JONATHAN DEMME
(22 February 1944 - 26 April 2017)
The American filmmaker Jonathan Demme was prolific as a writer-director-producer and sometime actor, covering both cinema and television in equal measure. He began as a producer in the early 1970s, writing several films such as Angel Warriors, The Hot Box and Black Mama White Mama. His first film as a director was Caged Heat in 1974, then Crazy Mama with Cloris Leachman, Last Embrace with Roy Scheider, Swing Shift with Goldie Hawn, and Melvin and Howard with Jason Robards as Howard Hughes. He also worked concurrently on TV documentaries, series and video shorts. Then there was Something Wild (1986), which starred Melanie Griffith and Jeff Daniels, followed by Spalding Gray’s Swimming to Cambodia, and Married to the Mob, with Michelle Pfeiffer. Next came his greatest success, The Silence of the Lambs (1991), which won five Oscars, including statuettes for best picture, Jodie Foster, Anthony Hopkins and for Demme himself as best director. He then followed this with Philadelphia, which won Tom Hanks his first Oscar and was one of the first mainstream Hollywood films to tackle homosexuality and Aids. This was followed by Beloved, with Oprah Winfrey and Thandie Newton, and the critically ridiculed The Truth About Charlie, a remake of Charade with Mark Wahlberg and Thandie Newton.
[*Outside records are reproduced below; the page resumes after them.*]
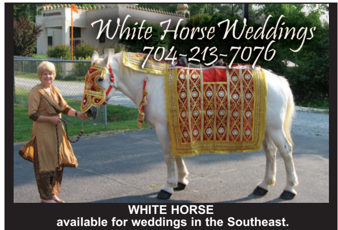
WHITE HORSE available for weddings in the Southeast.
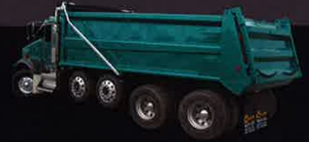
TAPERED HORIZONTAL SIDE BRACE
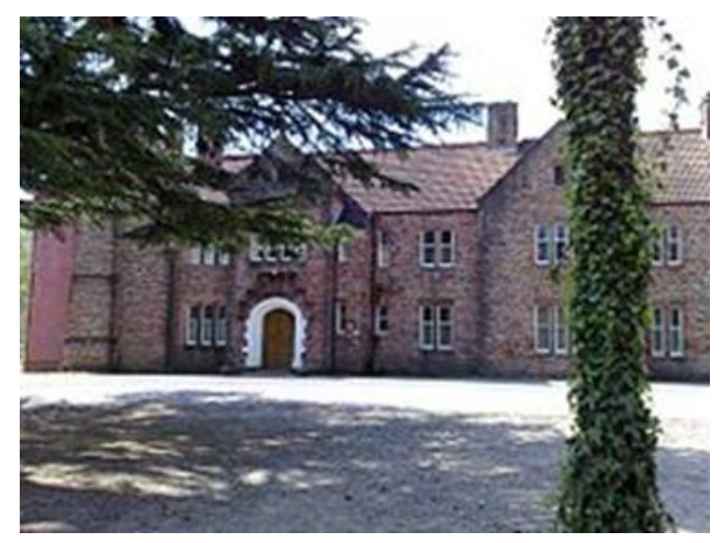
Shiphay Manor ... but at present in the Cockington-with-Chelston ward

It is additionally proposed that the electorate currently within the bounds of the Cockington-with-Chelston Polling District BD be transferred to an expanded Shiphay-with-The Willows ward, with the exception of those living in Sherwell Valley Road, Drake Avenue and Frobisher Green. With regard to those few registered voters with the post code TQ3 1SU and living in the rural outposts of the Stantor area of Polling District BD, it is proposed that they be transferred internally to Polling District BE by means of a re-aligned boundary stretching from Armada Park westwards to the Gallows Gate roundabout on the A380.

His remake of The Manchurian Candidate (2004) with Denzel Washington and Meryl Streep was no improvement on the original, just different. Among the documentary work, Demme still found time to direct Rachel Getting Married with Anne Hathaway, A Master Builder, based on the play by Ibsen, and Ricki and the Flash (2015), with Meryl Streep, his last theatrical feature.